Start of SUPPLIED MATERIAL

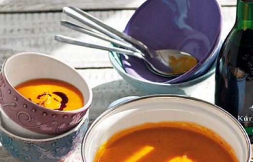 Kürbiscremesuppe Zutaten 1 kleiner Hokkaido-Kürbis (ca. 1 kg) 1 Zwiebel 2 säuerliche Äpfel (z. B. Braeburn oder Boskop) 3/4 l Gemüsebrühe (Instant) 2 EL Öl Salz, frisch gemahlener Pfeff er frisch geriebene Muskatnuss 1-2 EL Zitronensaft 4 EL Kürbiskernöl (nach Belieben) [...]
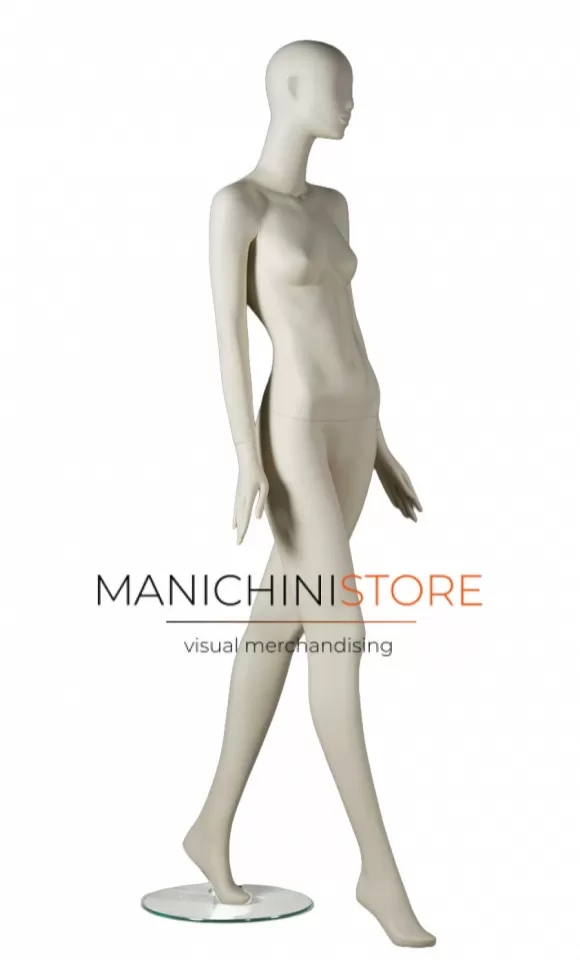 Bellissimo manichino donna della collezione Eclissi, in vetroresina verniciato in color bianco latte opaco.
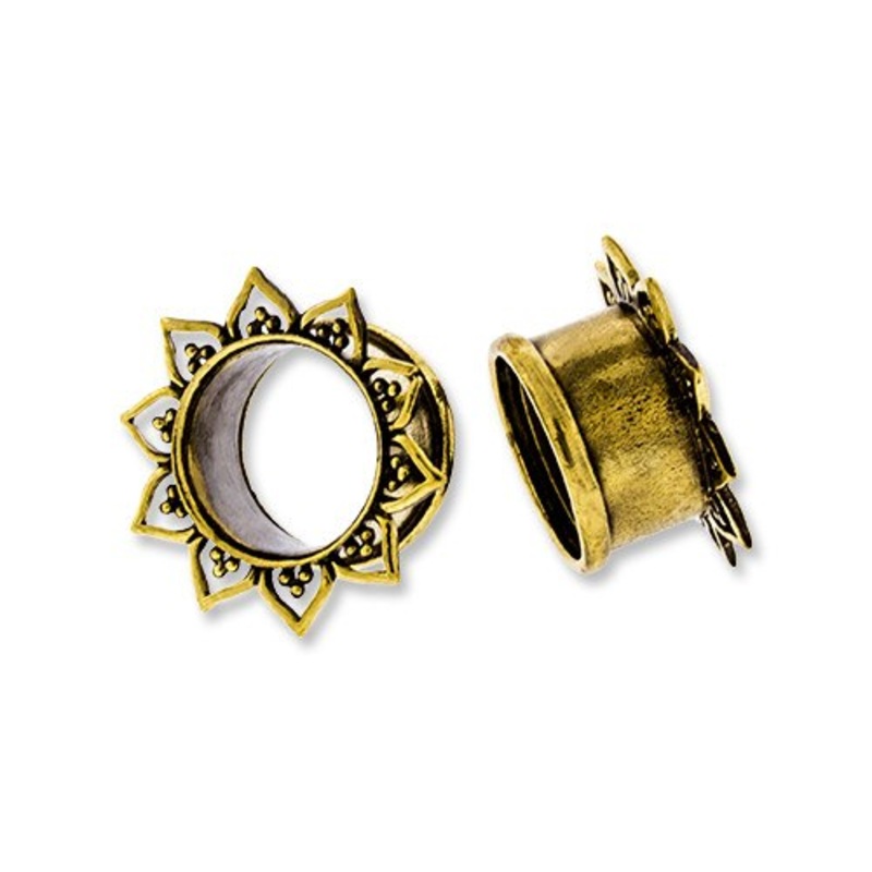 These double flare bali heart tunnels are made fromyellow brass. They have a wearable area of 5/16" between flares. Choose your size below.

End of SUPPLIED MATERIAL

Copy word for word every line from the start of the material through the line holding "Bellissimo manichino donna". The pictures are not part of the copy.

 Kürbiscremesuppe Zutaten 1 kleiner Hokkaido-Kürbis (ca. 1 kg) 1 Zwiebel 2 säuerliche Äpfel (z. B. Braeburn oder Boskop) 3/4 l Gemüsebrühe (Instant) 2 EL Öl Salz, frisch gemahlener Pfeff er frisch geriebene Muskatnuss 1-2 EL Zitronensaft 4 EL Kürbiskernöl (nach Belieben) [...]
 Bellissimo manichino donna della collezione Eclissi, in vetroresina verniciato in color bianco latte opaco.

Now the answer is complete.